Ein Index, der klärt, welche Staaten sich moralisch vertretbar verhalten - klingt spannend, hält einer genaueren statistischen Überprüfung allerdings nicht stand.

Gut sein. Das wollen wir doch alle irgendwie. Oder zumindest will keiner böse sein. Auch Staaten sollten sich theoretisch gut, also moralisch vertretbar verhalten - nur: Wie stellt man das fest? Das geht doch gar nicht. Geht doch - behauptet der Good-Country-Index. In den Index fließen 35 verschiedene Ländervergleiche und Indikatoren ein, die meist von den UN und anderer Nichtregierungsorganisationen stammen.
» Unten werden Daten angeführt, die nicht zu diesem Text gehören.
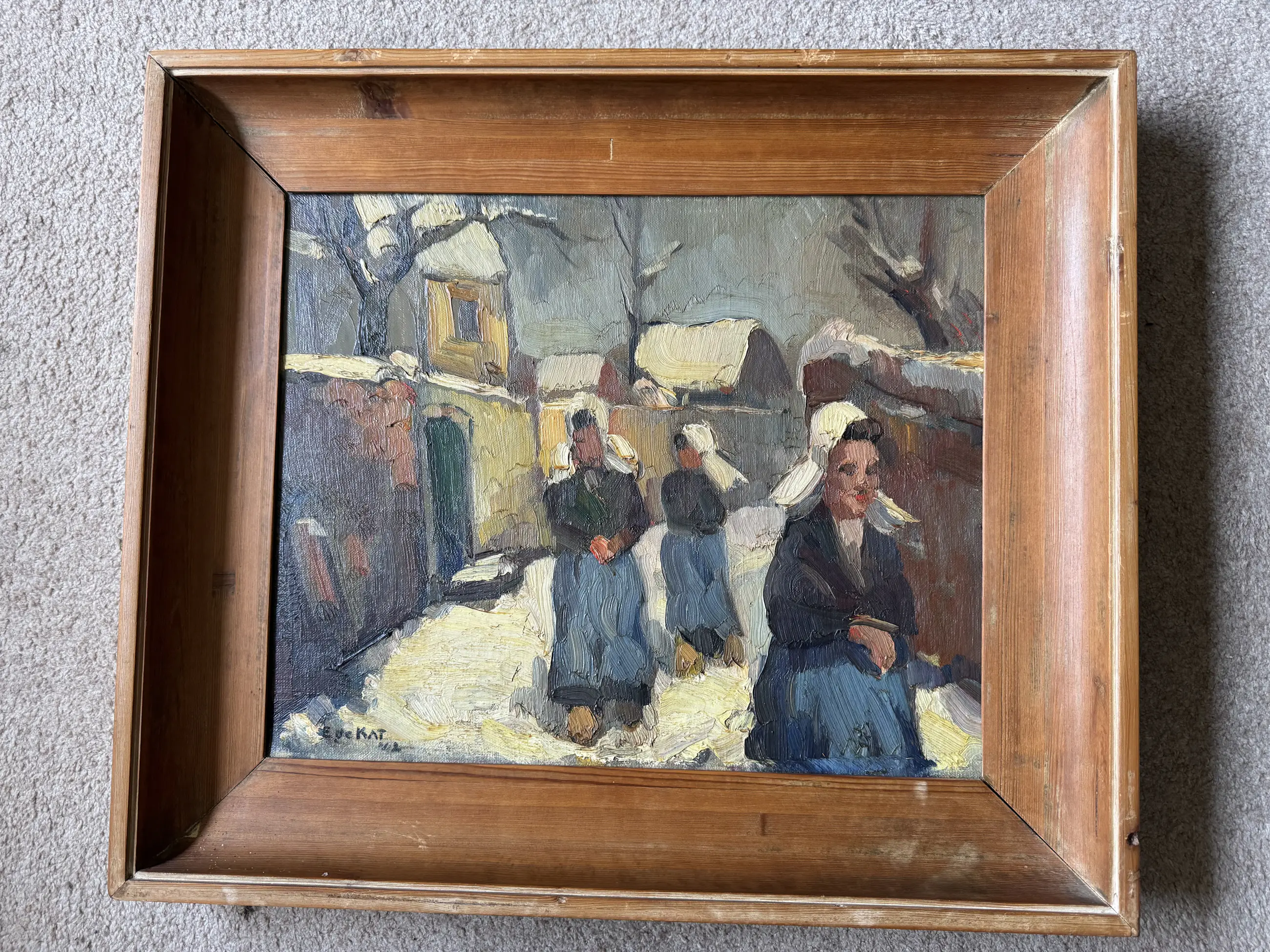 Een mooi uiterst krachtig werk van de meisjes in klederdracht op de kinderkoppen in het straatje achter de kade in Veere bij het stadhuis. Het schilderij is in prima staat en ingekaderd met een eenvoudige lijst. Links onderaan gesigneerd.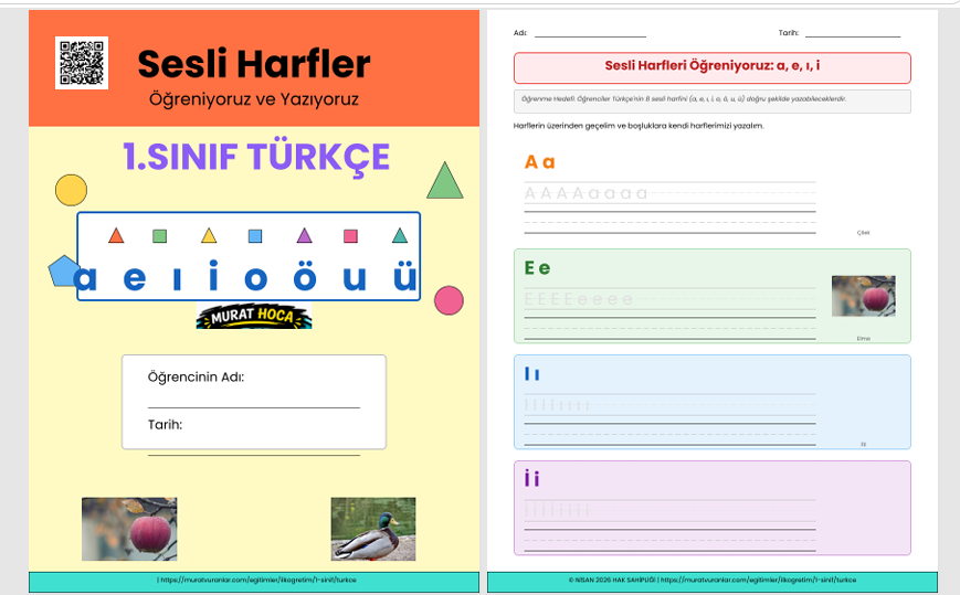 *muratvuranlar.com, ilkokul öğrencilerinin okuma-yazma yolculuğunu keyifli ve kalıcı hale getiren, öğretmenler ve veliler için özel olarak tasarlanmış bir eğitim platformudur. 1. sınıf Türkçe müfredatıyla tam uyumlu; sesli harf çalışmaları, interaktif okuma etkinlikleri ve özgün çalışma kağıtlarımızla çocukların akademik gelişimini destekliyoruz. Uzman bakış açısıyla hazırlanan kaliteli eğitim içeriklerine ulaşmak, öğrenme sürecini kolaylaştırmak ve sınıf içi verimliliği artırmak için doğru adre

"Der Good-Country-Index ist keine statistische Meisterleistung."
Katharina Schüller, Statistikerin

Aus solchen Indikatoren wird eine Skala gebildet - etwa zum Weltfrieden oder zum fairen Welthandel. Der Mittelwert aus diesen Skalen bildet dann den Good-Country-Index. Allerdings wird am Ende noch durch das Brutto-Inlands-Produkt geteilt. So soll dem Umstand Rechnung getragen werden, dass die Staaten unterschiedlich wirtschaftlich stark sind. Das Problem am Index: Er suggeriert eine Genauigkeit, die es so gar nicht gibt, sagt unsere Statistikerin Katharina Schüller. Mittelwerte dürfe man nämlich nur bilden, wenn die Abstände auf allen Skalen gleich groß sind. Bei Rangfolgen ist das allerdings fast nie der Fall.

Katharina Schüller hält wenig von den Methoden der Index-Macher: "Das Problem ist, dass die 35 Indikatoren nicht unabhängig sind. Wer in einem gut abschneidet, hat anderswo fast automatisch das Nachsehen. Ein wirtschaftlich starkes Land hat oft eine starke Rüstungsindustrie, kann aber auch viele Güter und Geld an ärmere Länder spenden." Verkürzt gesagt: Je höher das internationale Engagement eines Landes, desto mehr moralische Probleme können auftreten.

Und was kommt beim Index jetzt heraus? Irland liegt in moralischer Hinsicht weltweit ganz vorne - Deutschland im Mittelfeld.